■ **Directions for this task**
Below is a listing; restate from it, character for character, the lines beginning at the line holding "또한, 이번 건축기사" and ending at the line holding "The coat of", both included.

━━━━━ The data

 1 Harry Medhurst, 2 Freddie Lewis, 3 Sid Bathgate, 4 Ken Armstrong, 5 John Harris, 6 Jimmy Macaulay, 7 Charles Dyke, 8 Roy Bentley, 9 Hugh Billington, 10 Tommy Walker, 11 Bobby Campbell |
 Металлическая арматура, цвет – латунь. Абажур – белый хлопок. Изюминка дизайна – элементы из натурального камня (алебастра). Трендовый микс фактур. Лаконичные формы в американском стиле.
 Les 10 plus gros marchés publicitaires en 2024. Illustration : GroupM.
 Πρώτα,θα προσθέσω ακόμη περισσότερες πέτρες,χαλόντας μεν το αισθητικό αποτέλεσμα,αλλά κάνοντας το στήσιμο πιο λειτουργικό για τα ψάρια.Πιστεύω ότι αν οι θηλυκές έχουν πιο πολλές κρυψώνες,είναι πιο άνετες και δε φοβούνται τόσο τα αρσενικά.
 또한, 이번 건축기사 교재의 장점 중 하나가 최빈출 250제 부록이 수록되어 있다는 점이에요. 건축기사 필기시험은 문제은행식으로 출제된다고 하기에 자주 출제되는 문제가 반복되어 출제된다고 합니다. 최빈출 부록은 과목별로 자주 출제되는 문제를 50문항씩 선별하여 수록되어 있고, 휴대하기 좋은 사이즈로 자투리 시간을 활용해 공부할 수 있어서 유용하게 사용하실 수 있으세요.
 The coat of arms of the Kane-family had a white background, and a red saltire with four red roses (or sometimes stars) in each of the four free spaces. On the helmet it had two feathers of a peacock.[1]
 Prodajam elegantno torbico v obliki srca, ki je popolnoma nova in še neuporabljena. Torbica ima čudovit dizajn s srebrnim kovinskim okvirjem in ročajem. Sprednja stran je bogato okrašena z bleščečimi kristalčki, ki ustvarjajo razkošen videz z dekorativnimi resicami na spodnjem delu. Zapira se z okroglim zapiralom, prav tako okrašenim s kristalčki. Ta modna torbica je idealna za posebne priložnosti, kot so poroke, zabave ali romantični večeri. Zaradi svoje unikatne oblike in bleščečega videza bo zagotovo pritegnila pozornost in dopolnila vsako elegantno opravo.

━━━━━━━━━━
━━━━━ The data

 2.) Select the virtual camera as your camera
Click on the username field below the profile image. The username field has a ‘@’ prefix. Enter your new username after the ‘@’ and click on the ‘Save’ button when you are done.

━━━━━━━━━━

■ **Written answer**
 또한, 이번 건축기사 교재의 장점 중 하나가 최빈출 250제 부록이 수록되어 있다는 점이에요. 건축기사 필기시험은 문제은행식으로 출제된다고 하기에 자주 출제되는 문제가 반복되어 출제된다고 합니다. 최빈출 부록은 과목별로 자주 출제되는 문제를 50문항씩 선별하여 수록되어 있고, 휴대하기 좋은 사이즈로 자투리 시간을 활용해 공부할 수 있어서 유용하게 사용하실 수 있으세요.
 The coat of arms of the Kane-family had a white background, and a red saltire with four red roses (or sometimes stars) in each of the four free spaces. On the helmet it had two feathers of a peacock.[1]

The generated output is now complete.